Neisos nodded. “The word ‘reenactment’ strikes me as clumsy, but the rest is correct enough. Forty-nine Aspects by count, but more stories by far, and for all those stories, it is easier to remind one of them and to understand their purpose with paint, mask and other trappings.”

“So it’s like a play?” asked Rainbow Dash. The image of the Ephydoeran jousts sprang to mind immediately.

The stag furrowed his brow and made a clucking sound. “I… the answer to that question is complicated. My first answer is ‘no’, that it is not a play, but it is life, history and potential futures. Maybe I can give you a longer answer later if that is not sufficient—”

“But right now, Neisos, dear,” Rarity interrupted, “you are running late.”

“You are right,” said Neisos.
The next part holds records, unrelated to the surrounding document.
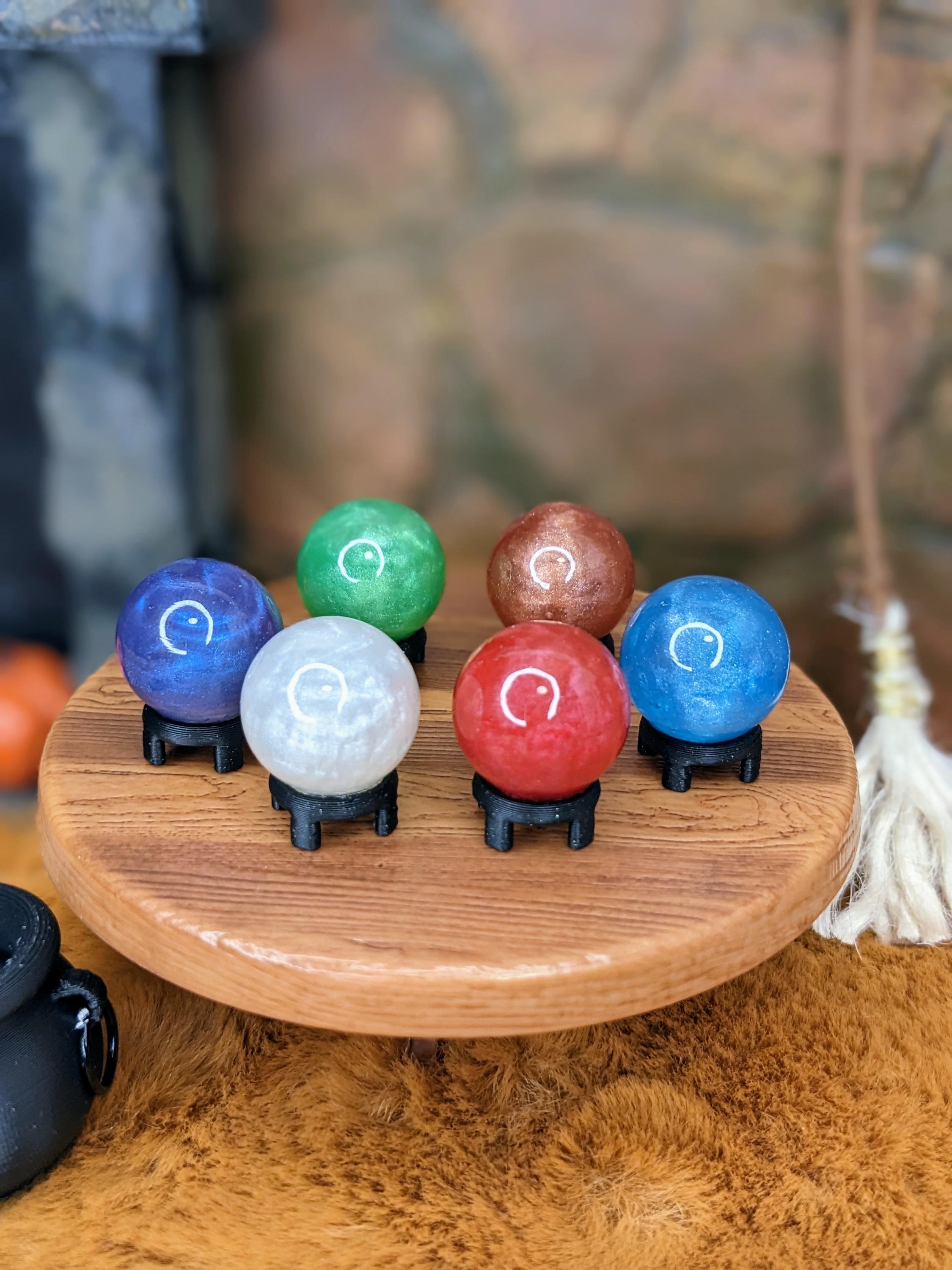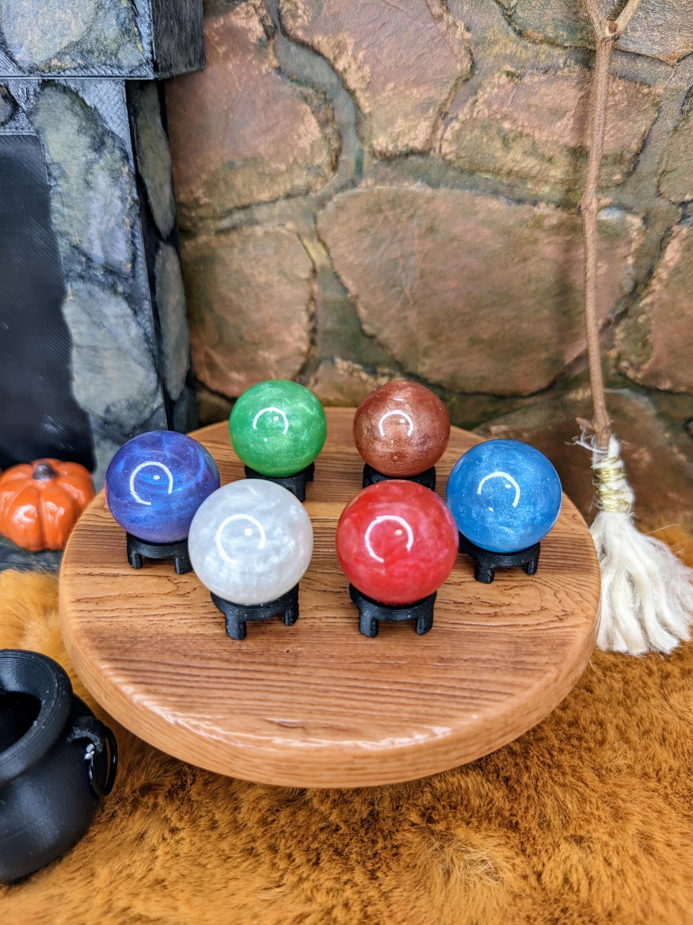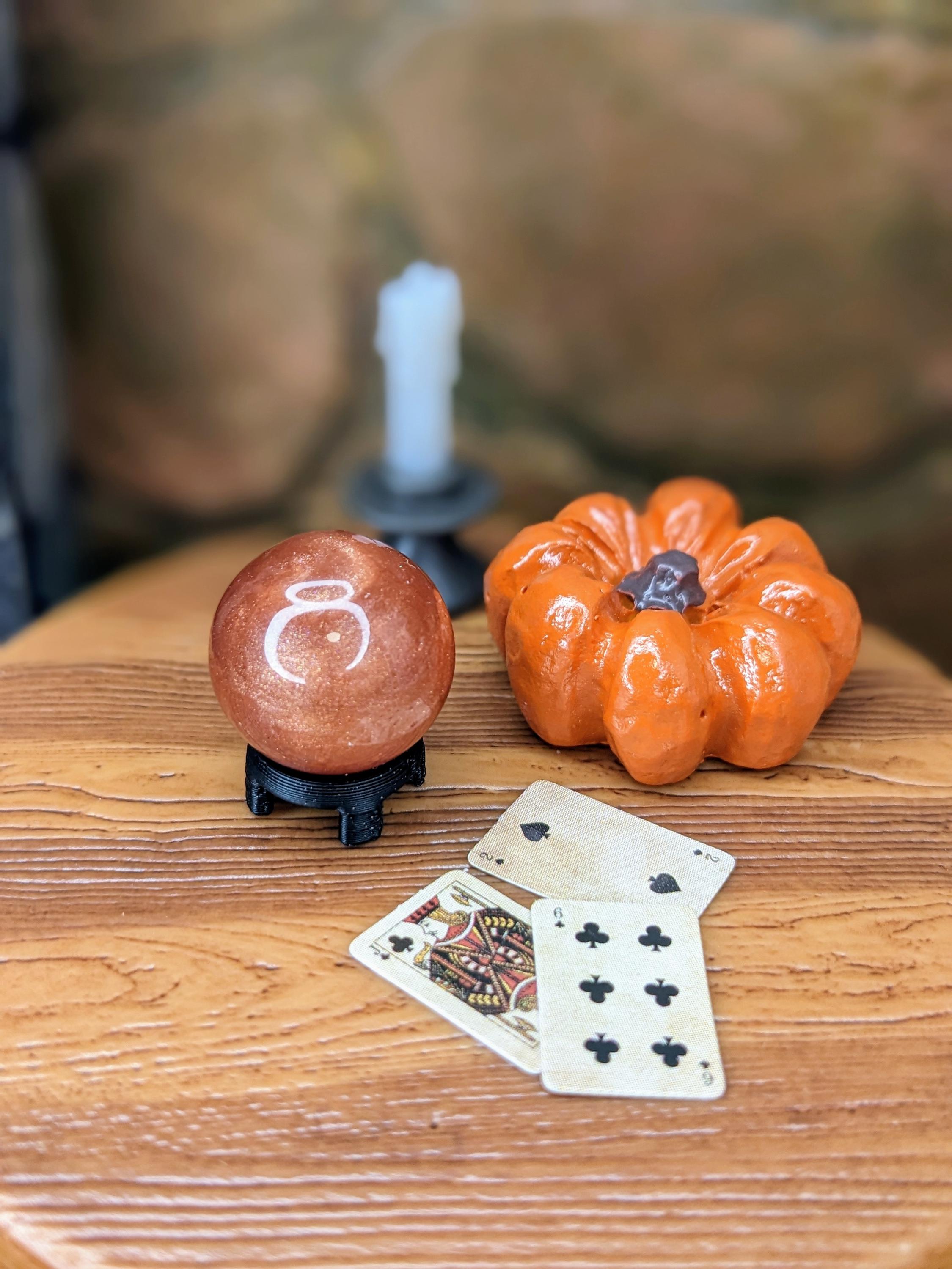 *Handmade item!* A crystal ball in 1:12 scale! Can be used for 1:6 as well. This is made using a glass globe filled with shimmery cured resin, and a 3D printed base in glitter black. Each one is made by hand and therefore unique! Contents inside the ball do not move, it is filled with cured shimmery resin.
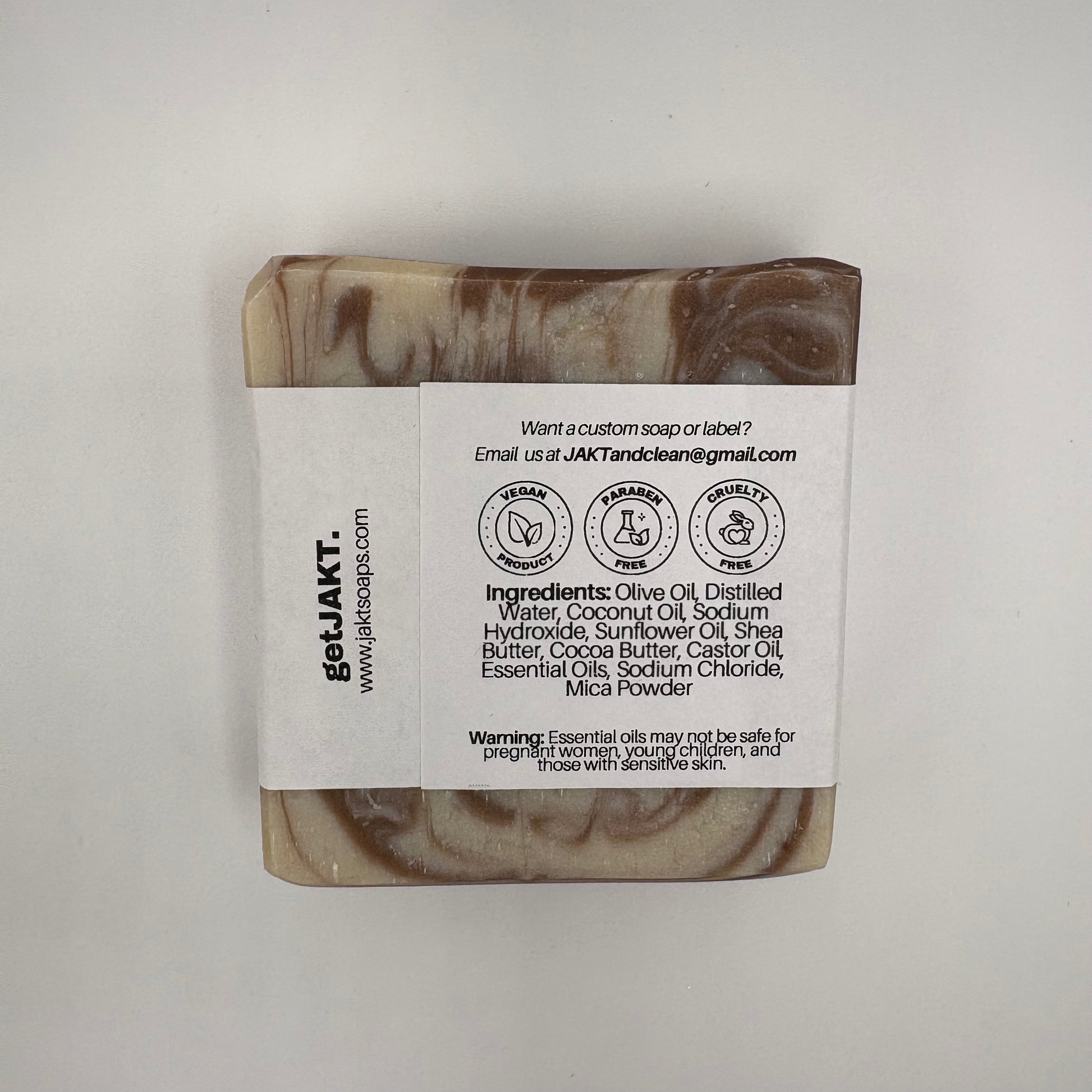 Ingredients: Olive Oil, Distilled Water, Coconut Oil, Sodium Hydroxide, Sunflower Oil, Shea Butter, Cocoa Butter, Castor Oil, Essential Oils, Sodium Chloride, Mica Powder.
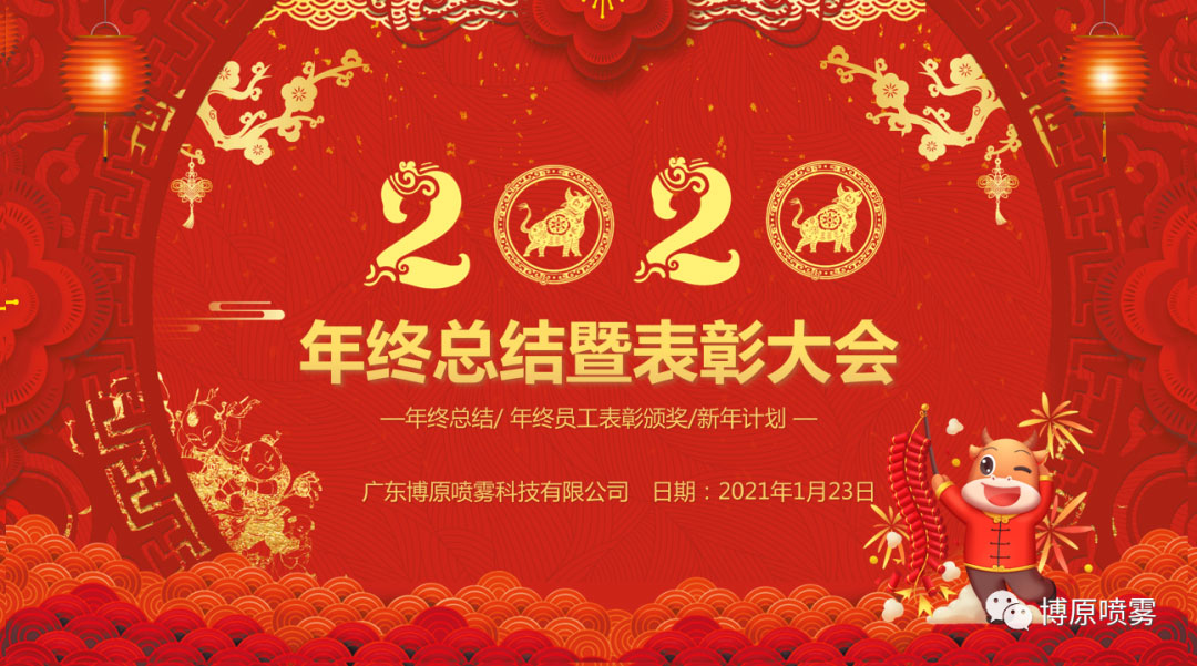 2021年1月23日,廣東博原噴霧科技有限公司召開《2020年終總結暨表彰大會》,為響應國家政府號召,疫情期間,此次大會在工廠內部舉行。
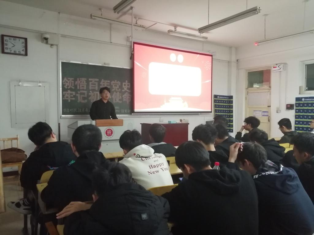 4月2日晚,信息对抗技术学生党支部在10307H教室带领19050441、19050442班团支部的同学们开展了第一场党史教育宣讲会。本次会议的主讲人是支部党员赵炅,学习的主题为“领悟百年党史,牢记初心使命”。
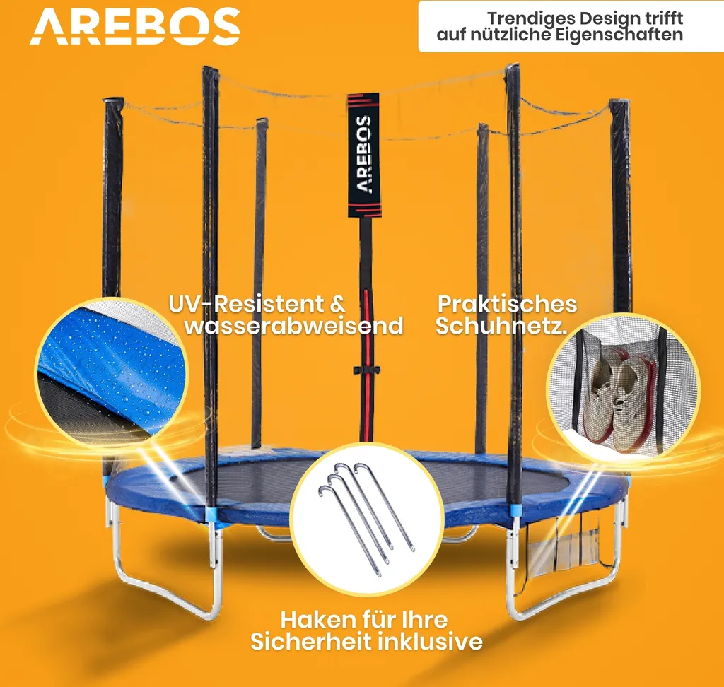 Schreibe die erste Rezension für „AREBOS Outdoor Trampolin Ø 244 Cm, Komplettset, Gartentrampolin“ Antwort abbrechen
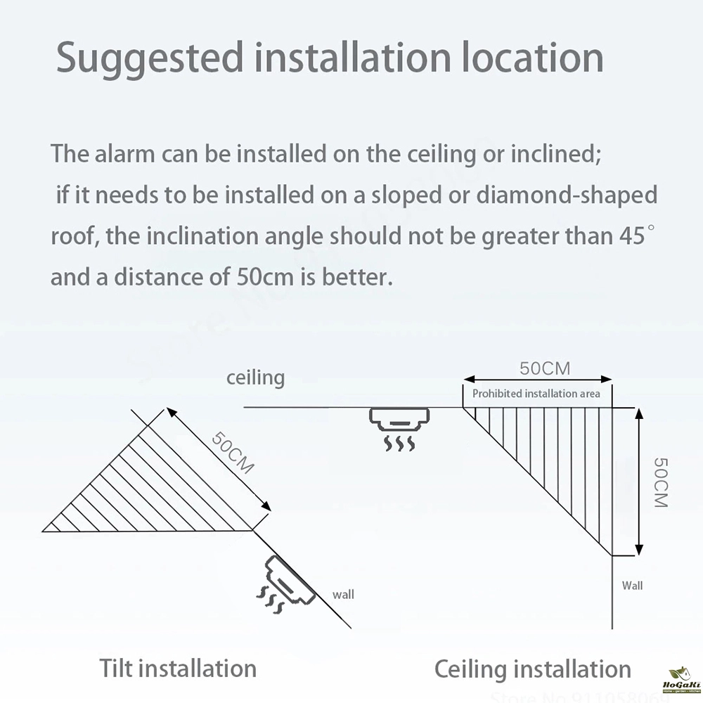 The alarm can be installed on the ceiling or inclined; if it needs to be installed on a sloping roof or a diamond-shaped roof, the inclination angle should not be greater than 45°, and the distance is 50cm.
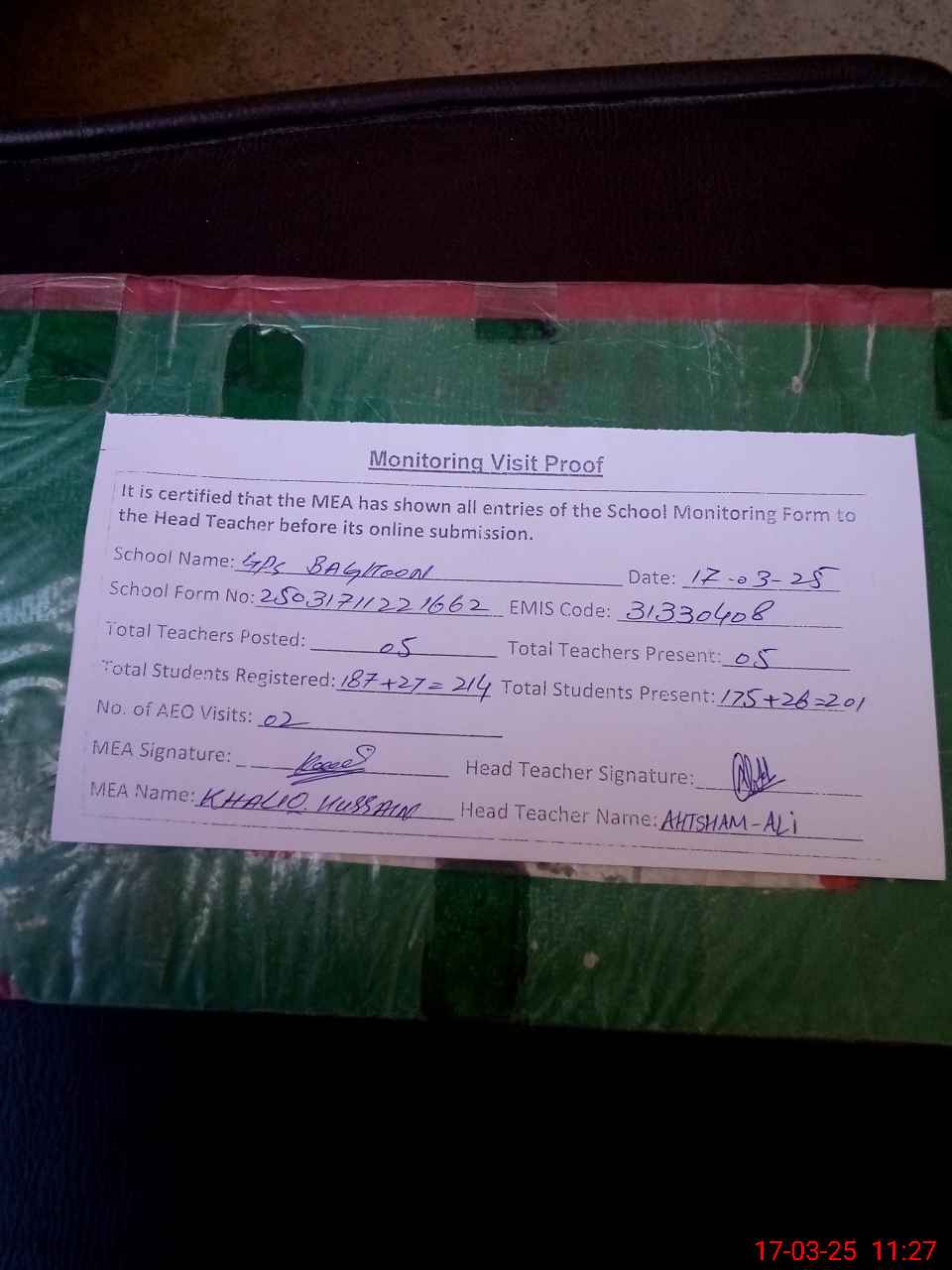 | Attendance Register | Head Teacher | MEA with School | Visit Proof |

The stag rocked himself to a side before he stood up, balancing on his single hindleg. He hobbled over to a wooden cupboard, producing a small collection of tiny jars which he put into a bag slung about his neck.

“While you were at the council, an acquaintance visited to remind me that I had promised to mind their children while they did some work,” said Neisos with an apologetic smile. “There is still soup left—you will not think me unkind if I leave you for the night?”

“You should’ve left long ago, I would have been fine by myself,” said Rarity, waving a hoof. “You’ve been very kind, please, don’t worry about me or us.”

“Thank you for taking care of Rarity,” said Fluttershy, dipping her head.

“You do what you gotta do, we already owe you one,” Dash said, waving as well.

“I will return deep in the night, I expect. Crossing town is a little slower for me, as you may see. Make yours my house,” said the stag, making for the door as swiftly as he could.

“If walking’s hard, why don’t you just fly?” asked Dash on a whim. “Not all the time, but it’s not too hot out when the sun’s down.”

Neisos paused in the doorway, gazing into the open air for a second. “Another good question. The heat is certainly part of it.”

Rainbow Dash tilted her head and waited for an actual answer.

The stag sighed and returned a helpless smile. “I could, but I have not flown much since my work at the quarry ended, that is the simple truth. For now, I am late.”

“Alright, good luck,” said Rainbow Dash. She didn’t protest. There were limits to how much she could badger someone they just met anyway. Neisos disappeared out the door without another word, and Dash arched her neck, stretching and yawning. She got up and walked around a bit rather than risk falling asleep where she sat.

All the decorations of the room seemed different in the aftermath of their visit to the council. Were all the little paintings, the masks, the shawl hanging on a wall—was all of this connected to some story or other? Even the wooden cupboard by the stairs had engravings on it.

The idea that nothing in the living room could be simple and exist just for itself made her head spin. Suddenly she appreciated the creepy blank masks the council wore a little more. With everything else so steeped in meaning, the white masks were the only thing they had seen that she knew for sure didn’t have to mean a bunch of other stuff. Rainbow Dash shook her head to herself and walked further into the room.

“Have you been up for long? Did you talk to Neisos all evening?” Dash heard Fluttershy ask. She herself slipped into the kitchen proper and opened a cupboard with some effort. Cups and bowls of varying sizes, nothing else.

“A while. He was happy to explain some things about Vauhorn that we wished to know, but I expect you’ve heard most of it from the council by now,” came Rarity’s reply. Dash tried another cupboard, and found only cloth and a few scrolls. She slammed the door shut and snorted. Who kept that stuff in their kitchen?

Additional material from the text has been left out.